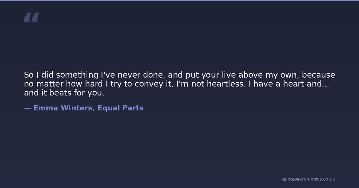 So I did something I've never done, and put your live above my own, because no matter how hard I try to convey it, I'm not heartless. I have a heart and... and it beats for you.
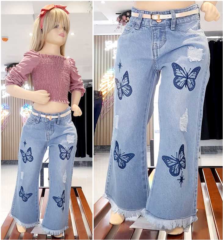 Denim rígido, diseño bordado en mariposa, alto relieve.
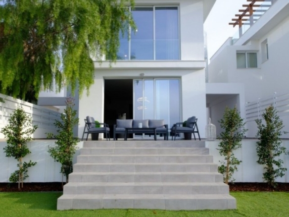 The villa features big openings with glass doors, opening to spacious verandas and gardens.

◆ **Problem statement**
Quote each line of the listing exactly, but leave the pictures out.

◆ **Solution**
 So I did something I've never done, and put your live above my own, because no matter how hard I try to convey it, I'm not heartless. I have a heart and... and it beats for you.
 Denim rígido, diseño bordado en mariposa, alto relieve.
 The villa features big openings with glass doors, opening to spacious verandas and gardens.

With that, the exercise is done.